Before we specialize to the case of Deligne’s categories, it may help to go through a little abstract nonsense. Suppose {\mathcal{C}} is a semisimple category. This means that {\mathcal{C}} is abelian, and each object in {\mathcal{C}} is a direct sum of simple objects, where simple means that there is no proper subobject. So for instance, the {A}-modules for {A} a semisimple algebra form a semisimple category. The finite-dimensional representations of a semisimple Lie algebra form a semisimple category (though the finite-dimensional condition is necessary; the enveloping algebra is not a semisimple algebra generally).

Now, I want to look at the hom-spaces in a semisimple category. But first, in the next lemma, there is no need to have the semisimplicity asumption, so I drop that.

Remember Schur’s lemma—that lemma in group representation theory, that any morphism between irreducible representations over {\mathbb{C}} is a scalar? The proof of it in different textbooks tends to vary between nonintuitive and clean (depending on the extent of the allegiance of said textbook to category theory). Because when thought of categorically, I claim that it is trivial.

Lemma 1 (Schur, categorical version) Let {X} be a simple object in a {\mathbb{C}}-linear abelian category with finite-dimensional hom-spaces. Then {\hom(X,X) \simeq  \mathbb{C}}. Also, {\hom(X,Y) =0} if {X,Y} are simple and nonisomorphic.

So, let’s prove this. We will first prove that any morphism between simple objects {X,Y} is an isomorphism or zero. If one were not zero, it would have either a nontrivial kernel or cokernel. And this would mean either that {X} had a nontrivial subobject or {Y} a nontrivial subobject—two things that can’t happen for simple {X,Y}.

It is now clear that {\hom(X,Y) = 0} when {X,Y} are nonisomorphic, because a nontrivial morphism would be an isomorphism by the above.

Well, then {\hom(X,X)} is a ring where every nonzero element is invertible—that is to say, a division algebra. It is also finite-dimensional over {\mathbb{C}}by the assumption on the hom-spaces. But every f.d. division algebra over {\mathbb{C}} is {\mathbb{C}} itself; indeed, if {\alpha \notin \mathbb{C}} belonged to such a division algebra, then {\mathbb{C}(\alpha)} would be a finite extension field (yes, commutative—{\alpha} commutes with itself!) and this cannot happen since {\mathbb{C}} is algebraically closed.

In particular, {\hom(X,X) = \mathbb{C}}. This proves Schur’s lemma. Not entirely trivial, but at least swift.

So that’s done. I claim then that, in a semisimple category {\mathcal{C}}, the hom spaces {\hom(X,X)} is ring-isomorphic to a product of matrix algebras over {\mathbb{C}}. This is now straightforward: decompose {X} as a sum of simple objects {S_1 \oplus S_2 \oplus \dots \oplus S_k}. Partition {S_1, \dots, S_k} into equivalence classes based on isomorphism and take the sums {T_j, 1 \leq j  \leq l} of the {S_i} in each equivalence class. Each {T_j} has hom-spaces isomorphic to a matrix algebra, so the claim is clear.

In particular, the hom-rings of a semisimple category are—surprise, surprise—semisimple algebras!

2. What if the hom-spaces are semisimple?

The 45-million-dollar question now arises whether the opposite might be true.

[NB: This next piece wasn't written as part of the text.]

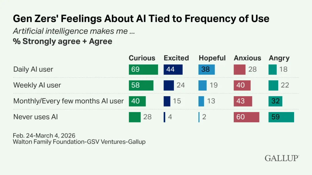 Z世代对AI的感受与他们使用频率密切相关。在日常用户中,69%的人表示感到好奇,44%感到兴奋,38%感到希望。相比之下,从不使用AI的人群中,28%感到好奇,4%感到兴奋,2%感到希望。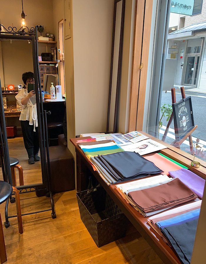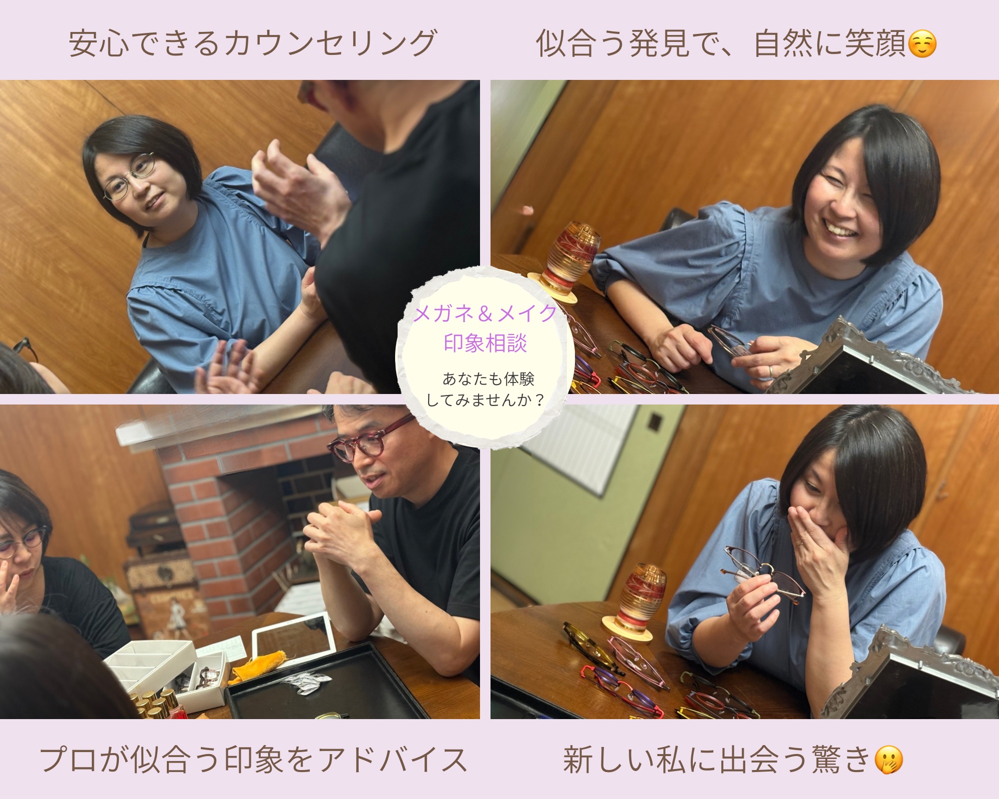 私は眼鏡とメイクの関係について研究をし、お客様の声をヒントに、自分らしく美しくみえるメガネの選び方やメイク法を試行錯誤しお伝えすることを始めました。

In fact, I think it is, with certain hypotheses: this isn’t really about Deligne’s paper anymore, but it’s something that I learned from Friedrich Knop’s very interesting paper “Tensor envelopes of regular categories.” Knop actually generalizes Deligne’s construction and axiomatizes it to constructing large classes of interesting tensor categories (such as representation categories of wreath products {S_t \ltimes  G^{t}} for {G} finite and {t} complex. I may talk more about Knop’s paper later, but right now I am just using it as a source of some fun abstract nonsense.